Exercise aim: Copy every line from the one that holds "LED XHP50 Flashlight" to the end of the records below, exactly and with nothing else, but without any pictures.

Stored records:

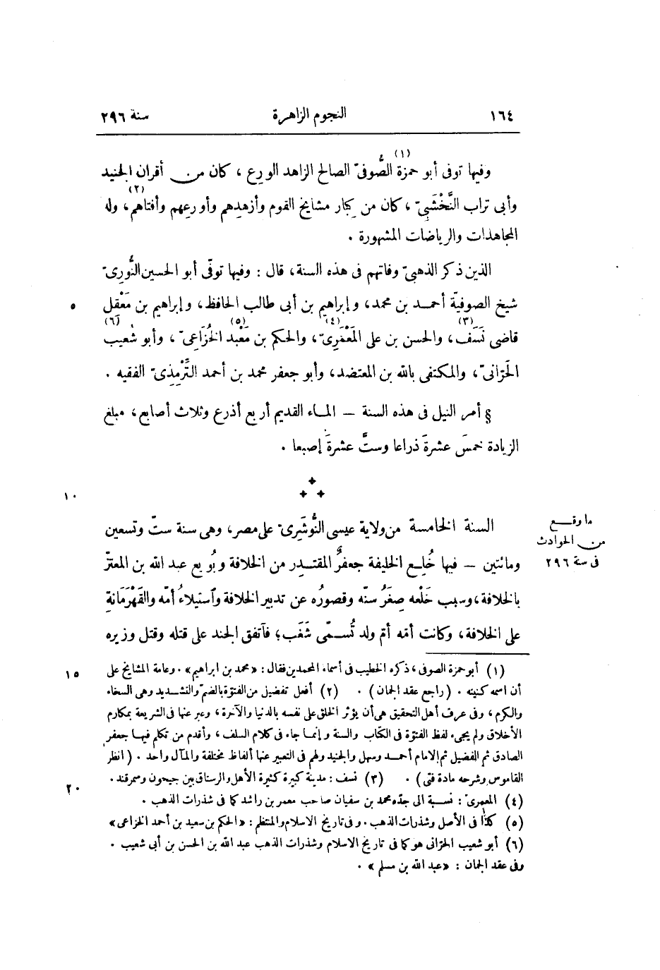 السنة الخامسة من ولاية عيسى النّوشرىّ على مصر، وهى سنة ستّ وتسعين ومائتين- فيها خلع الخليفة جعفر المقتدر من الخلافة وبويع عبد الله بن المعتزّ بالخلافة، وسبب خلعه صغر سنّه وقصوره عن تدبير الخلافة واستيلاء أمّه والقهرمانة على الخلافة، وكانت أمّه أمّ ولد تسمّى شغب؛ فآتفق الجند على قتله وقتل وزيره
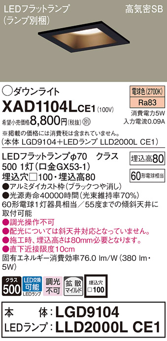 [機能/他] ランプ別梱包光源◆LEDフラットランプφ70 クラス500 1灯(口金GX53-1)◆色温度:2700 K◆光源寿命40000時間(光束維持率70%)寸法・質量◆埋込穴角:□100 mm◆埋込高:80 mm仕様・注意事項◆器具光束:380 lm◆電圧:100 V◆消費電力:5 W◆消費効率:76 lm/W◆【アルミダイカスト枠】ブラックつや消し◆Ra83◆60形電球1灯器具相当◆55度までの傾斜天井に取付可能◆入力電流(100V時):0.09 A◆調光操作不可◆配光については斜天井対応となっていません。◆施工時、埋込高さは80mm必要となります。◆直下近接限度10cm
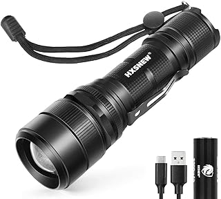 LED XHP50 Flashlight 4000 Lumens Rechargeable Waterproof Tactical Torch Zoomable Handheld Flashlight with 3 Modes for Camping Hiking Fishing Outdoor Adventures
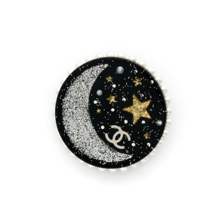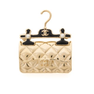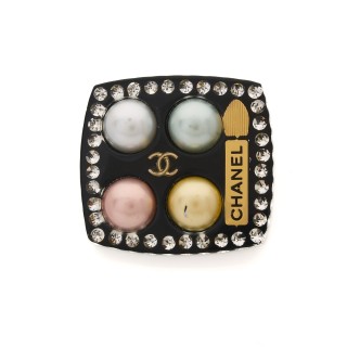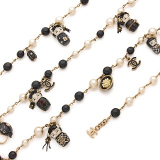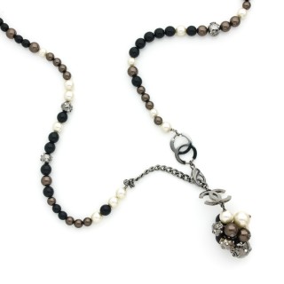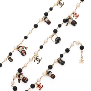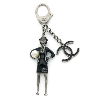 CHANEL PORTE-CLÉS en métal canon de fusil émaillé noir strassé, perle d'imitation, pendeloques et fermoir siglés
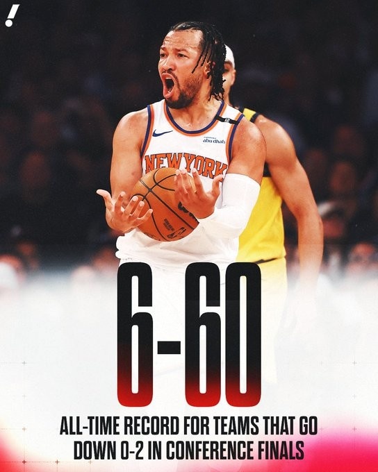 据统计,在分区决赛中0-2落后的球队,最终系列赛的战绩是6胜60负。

Answer section:
 LED XHP50 Flashlight 4000 Lumens Rechargeable Waterproof Tactical Torch Zoomable Handheld Flashlight with 3 Modes for Camping Hiking Fishing Outdoor Adventures
 CHANEL PORTE-CLÉS en métal canon de fusil émaillé noir strassé, perle d'imitation, pendeloques et fermoir siglés
 据统计,在分区决赛中0-2落后的球队,最终系列赛的战绩是6胜60负。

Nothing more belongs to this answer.